What the application must show
A BLA must contain data establishing that the biological product is safe, pure and potent, along with a full description of the manufacturing process, the facilities involved and the controls used to ensure consistent quality. Because biologics are typically large, complex molecules produced in living systems, manufacturing characterisation carries particular weight. The application assembles non-clinical and clinical study results, labelling and chemistry, manufacturing and controls information so that reviewers can assess both the product and the process that makes it.
Who reviews and approves it
BLAs are reviewed by the FDA, historically by the Center for Biologics Evaluation and Research (CBER). Following an administrative transfer, certain therapeutic biologics — including many monoclonal antibodies and therapeutic proteins — are now reviewed by the Center for Drug Evaluation and Research (CDER), while vaccines, blood products and cell and gene therapies remain with CBER. Approval is signified by issuing a biologics licence. The pathway sits alongside the abbreviated 351(k) route used for biosimilar and interchangeable products.
Key facts
At a glance
- Definition: Application to market a biological product in the United States.
- Stands for: Biologics License Application.
- Statute: Public Health Service Act, section 351.

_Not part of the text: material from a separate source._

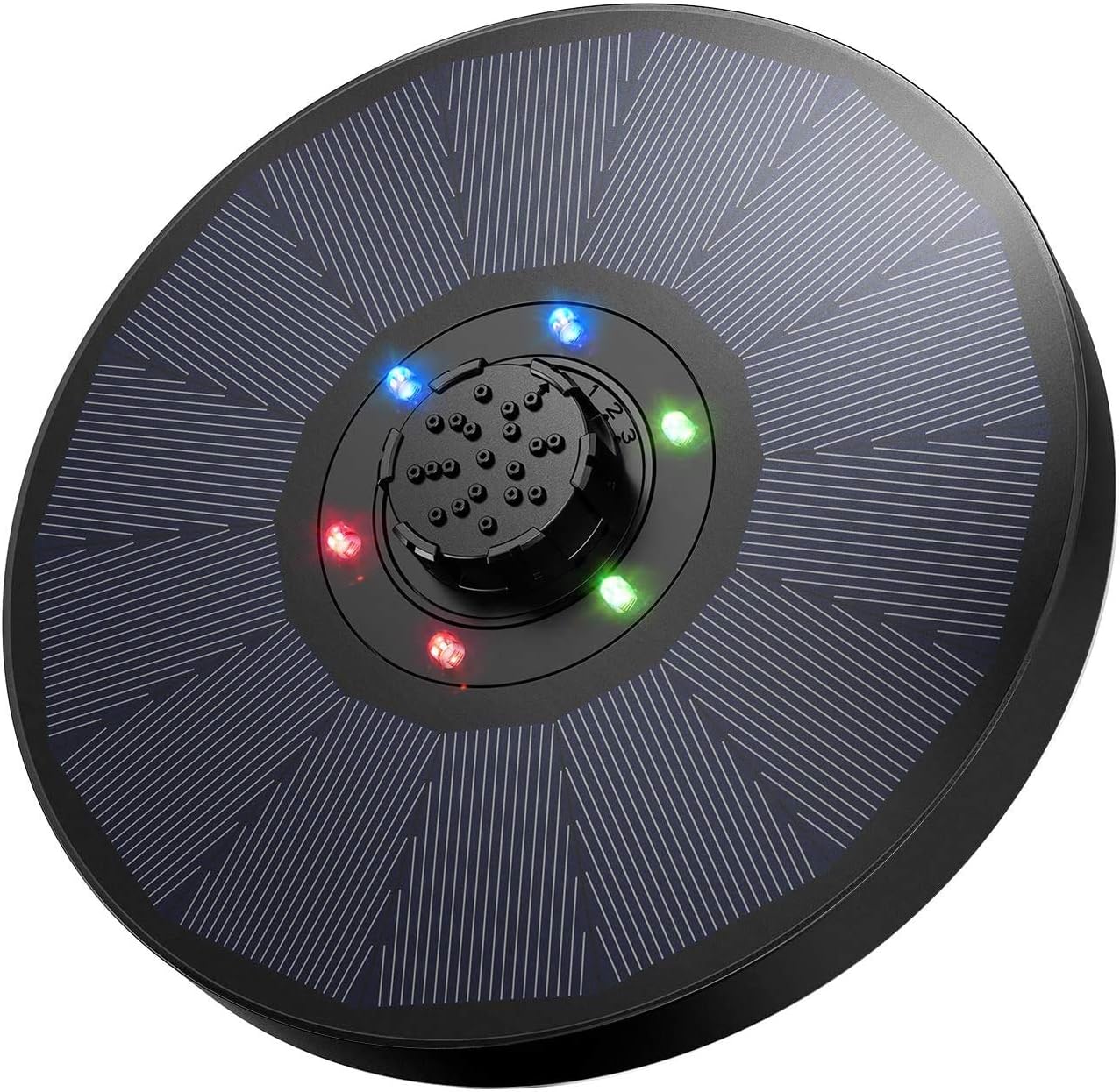 OMORC Pompe Fontaine Solaire 9V 2.6W avec LED, Fontaine Solaire Extérieure Flottante, Batterie 1200mAh,

- Standard: Product must be safe, pure and potent.
- Reviewer: FDA — CBER, or CDER for certain therapeutic biologics.
- Outcome: FDA issues a biologics licence (a licensure, not an NDA approval).
Common misconceptions
What people often get wrong
Often heard: A BLA is just the biologics version of a New Drug Application under the same statute.
Actually: They differ in legal basis. A BLA is submitted under section 351 of the Public Health Service Act, whereas a New Drug Application is submitted under the Federal Food, Drug, and Cosmetic Act. The standards and resulting authorisations are distinct.
Often heard: All biologics are reviewed by CBER.
Actually: Many therapeutic biologics, such as monoclonal antibodies and therapeutic proteins, are reviewed by CDER following an administrative transfer. CBER continues to review vaccines, blood products and cell and gene therapies.
Often heard: Biosimilars are approved through a standard BLA.
Actually: Biosimilar and interchangeable products use the abbreviated 351(k) pathway, which relies on demonstrating similarity to an already-licensed reference product, rather than a standalone full BLA under 351(a).